No pictures in the copy. Write out the listing below exactly.

────────

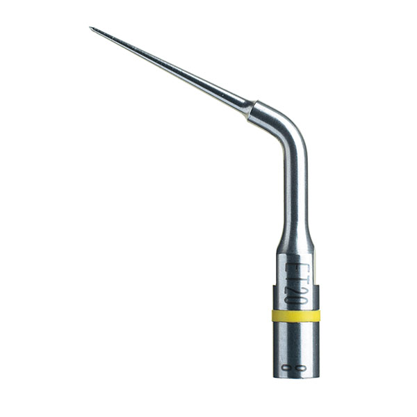 Inserto de retratamiento,longitud 20 mm yconicidad del 6%El inserto de acero ET20 se utiliza en el 1er tercio coronario: Extracción de productos de relleno, conos de plata e instrumentos fracturados. Eliminación de residuos y de la capa desuciedad.
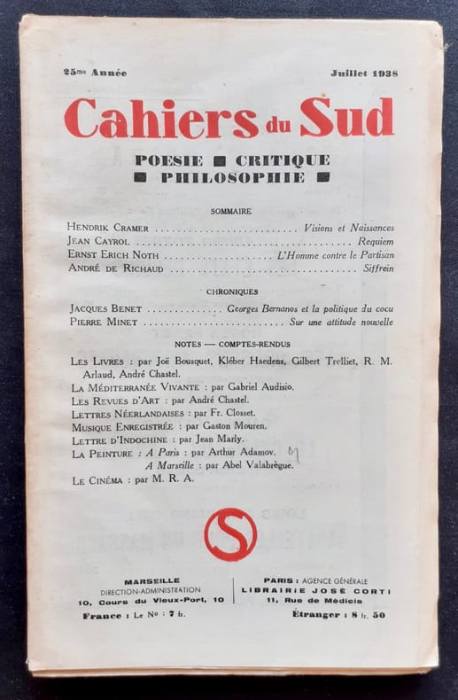 Marseille, directeur: Jean Ballard. Un volume de 87 pages. Exemplaire en bon état.
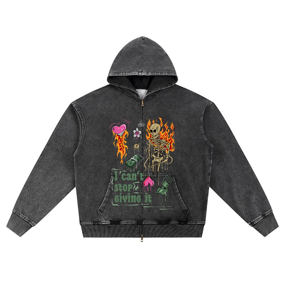 DTG print Knitted Denim Zip-Up Hoodie i can't stop giving it Brother Print Zipper Hoodies
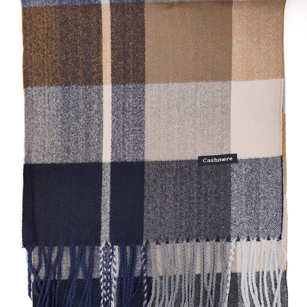 Мъжки шал кашмир в кафявои синьо каре – стил и елегантност
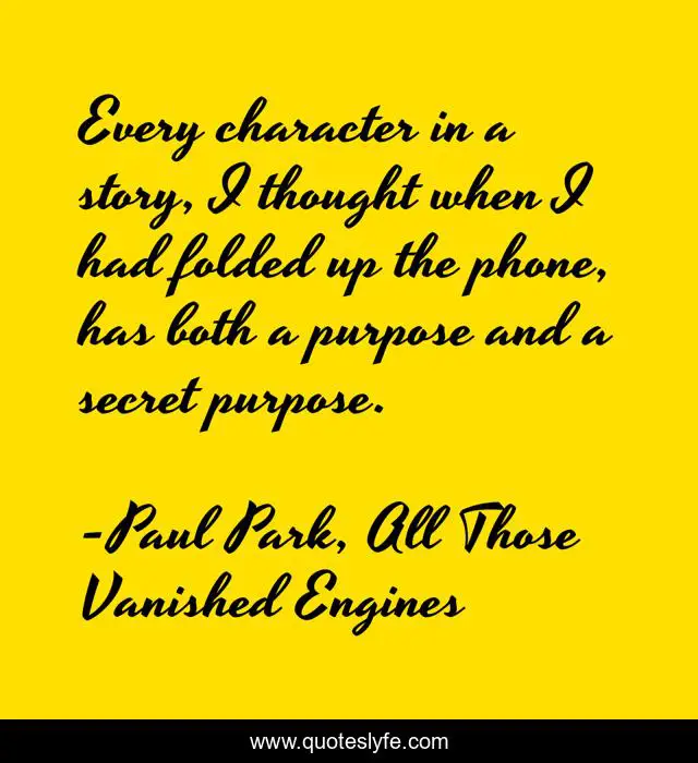This page presents the quote "Every character in a story, I thought when I had folded up the phone, has both a purpose and a secret purpose.". Author of this quote is Paul Park, All Those Vanished Engines. This quote is about story, character, purpose,.
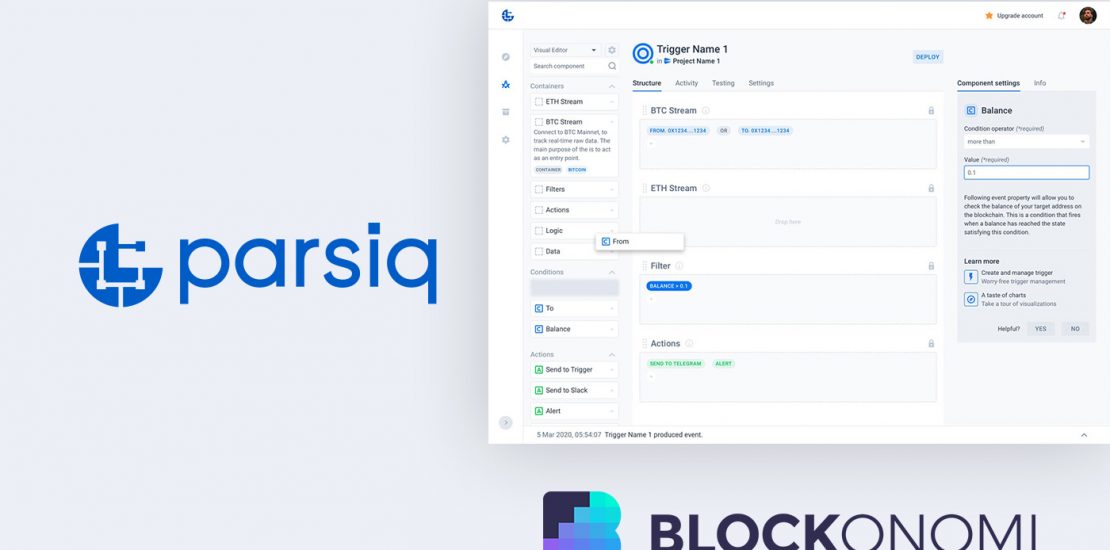 PARSIQ is a multi-level bridge between blockchains and off-chain applications, as well as a blockchain monitoring and workflow automation platform. In terms of offering a great view of blockchain data, it is an extremely valuable tool.

────────

▶ **TASK ANSWER**:
 Inserto de retratamiento,longitud 20 mm yconicidad del 6%El inserto de acero ET20 se utiliza en el 1er tercio coronario: Extracción de productos de relleno, conos de plata e instrumentos fracturados. Eliminación de residuos y de la capa desuciedad.
 Marseille, directeur: Jean Ballard. Un volume de 87 pages. Exemplaire en bon état.
 DTG print Knitted Denim Zip-Up Hoodie i can't stop giving it Brother Print Zipper Hoodies
 Мъжки шал кашмир в кафявои синьо каре – стил и елегантност
This page presents the quote "Every character in a story, I thought when I had folded up the phone, has both a purpose and a secret purpose.". Author of this quote is Paul Park, All Those Vanished Engines. This quote is about story, character, purpose,.
 PARSIQ is a multi-level bridge between blockchains and off-chain applications, as well as a blockchain monitoring and workflow automation platform. In terms of offering a great view of blockchain data, it is an extremely valuable tool.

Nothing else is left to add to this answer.